Years of economic strain, social unrest, regional confrontation and generational change have intensified debates about the relationship between state, society and ideology. The central question is no longer simply whether the Islamic Republic will survive, but whether it can evolve. In that sense, Iran may be confronting a challenge different from Tunisia’s or Egypt’s, but no less significant: the transition from revolutionary legitimacy to governmental legitimacy.

These questions now hover over Syria.

The emergence of Ahmad al-Sharaa and Hay’at Tahrir al-Sham at the center of Syria’s political landscape has introduced a new chapter in the story of political Islam. Whatever differences separate Syria’s experience from those of Tunisia, Egypt or Iran, the underlying challenge remains strikingly familiar. The issue is no longer whether a movement can command territory, maintain discipline or wage conflict. It is whether it can govern a diverse society, manage institutions and build a state.

The same dilemma has appeared, in a different form, in Lebanon. Hezbollah’s evolution from resistance movement into a central actor within the Lebanese political system illustrates the tensions that arise when an ideologically driven organization becomes deeply embedded in state structures.
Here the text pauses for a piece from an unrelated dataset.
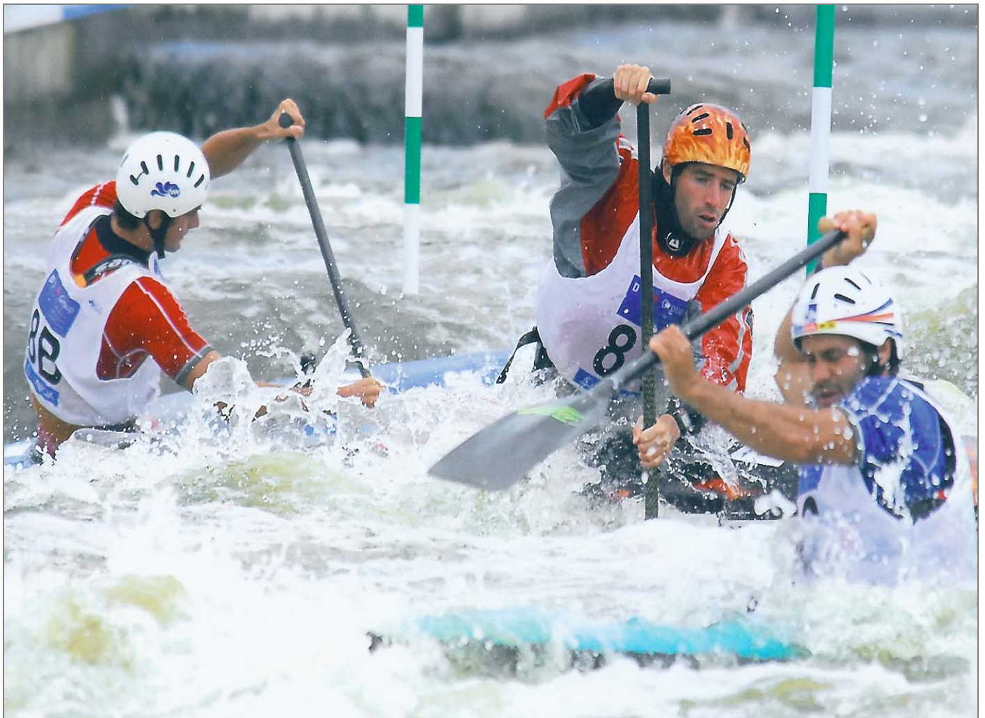
World Championships Slalom Racing 2006 Prague, C1 Team

Influence, it turns out, brings responsibilities that resistance alone does not.

The broader lesson extends beyond Islamism itself.

The most important political development of the past decade may not be the rise or decline of Islamist movements, but the growing realization that no ideology—Islamist, nationalist, liberal or otherwise—can substitute for the state. The Arab world’s modern crises have repeatedly demonstrated that slogans, however compelling, cannot replace institutions, economic management, public accountability or effective governance.

This is why Ghannouchi’s concept of “Muslim democracy” remains relevant even today. Its significance lies not in offering a definitive solution, but in recognizing a fundamental truth: politics is a domain of human negotiation, compromise and imperfection. It cannot be governed indefinitely through claims of ideological certainty or exclusive access to truth.

The real question, then, is not whether the age of political Islam has ended. It is whether movements that emerged from political Islam can successfully transform themselves into parties of government—judged by their policies and achievements rather than by their ideological identities.

The answer remains unresolved in Tunisia. It remains unresolved in Egypt. It remains unresolved in Iran. And Syria may soon find itself confronting the same test.

Perhaps the irony is that Islamist movements often achieved their greatest successes while outside power, only to face their greatest challenges once they acquired it. Opposition allows movements to make promises. Government compels them to produce results.

And in a region exhausted by conflict, polarization and unmet expectations, citizens increasingly seem less interested in whether a state is religious or secular than in whether it is capable. That may be the most important political shift underway in the Middle East today: the gradual transition from the politics of identity to the politics of the state.